OBJECTIVES: Disease-modifying therapies (DMTs) reduce the activity and progression of multiple sclerosis (MS) with high-efficacy DMTs defined as those that reduce relapses by 50%. While several studies have investigated discontinuation rates of high-efficacy DMTs, there are no published reviews synthesizing their results. Our objective was to identify the rates and reasons for discontinuing high-efficacy DMTs among adult patients with MS.

METHODS: In this targeted literature review, we included observational studies published in English between January 2020 and January 2024 that were conducted on adult patients with MS taking high-efficacy DMTs and had reported outcomes of rates and/or reasons for discontinuation of high-efficacy DMTs. We identified and screened the titles/abstracts of 210 articles and full texts of 29 studies.

RESULTS: We included 14 studies: 10 reported discontinuation rates and reasons while four reported only discontinuation rates. These studies varied widely with sample sizes between 29-1,934 participants per high-efficacy DMT and treatment follow-up spanning 11.8-54 months with most in the range of 12-24 months. After 12-24 months of follow-up, discontinuation rates were 54.8% for alemtuzumab, 34.4-45.0% for natalizumab, 25.5% for ofatumumab, 1.0-25.0% for ocrelizumab, and 4.3-9.0% for cladribine. Alemtuzumab, natalizumab, and cladribine were primarily discontinued for medical reasons. Ocrelizumab was largely discontinued for intolerability. Ofatumumab did not have reported discontinuation reasons. Alemtuzumab and natalizumab had the highest rates of discontinuation after 12-24 months and were both primarily discontinued due to medical reasons, such as clinical relapses or disability progression.
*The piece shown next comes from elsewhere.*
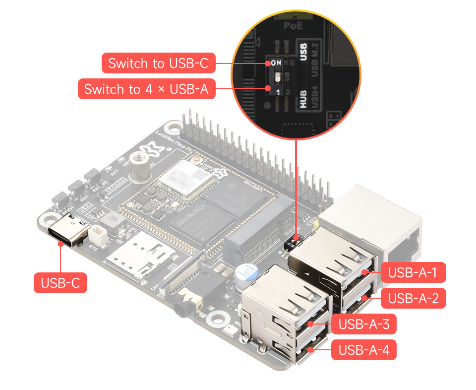 | Set to 1 | USB Host Mode | Power supply only, no communication | 4 USB ports active; fourth USB A port shares with USB M2 |

CONCLUSIONS: Treatment efficacy was the driving factor in the discontinuation of high-efficacy DMTs compared to intolerability or non-medical reasons after 12-24 months. The included studies were heterogeneous in terms of length of follow-up, sample sizes, and definitions for discontinuation. Future studies should continue to explore discontinuation trends among newer high-efficacy DMTs, including ofatumumab and ublituximab, and utilize a consistent definition for DMT discontinuation.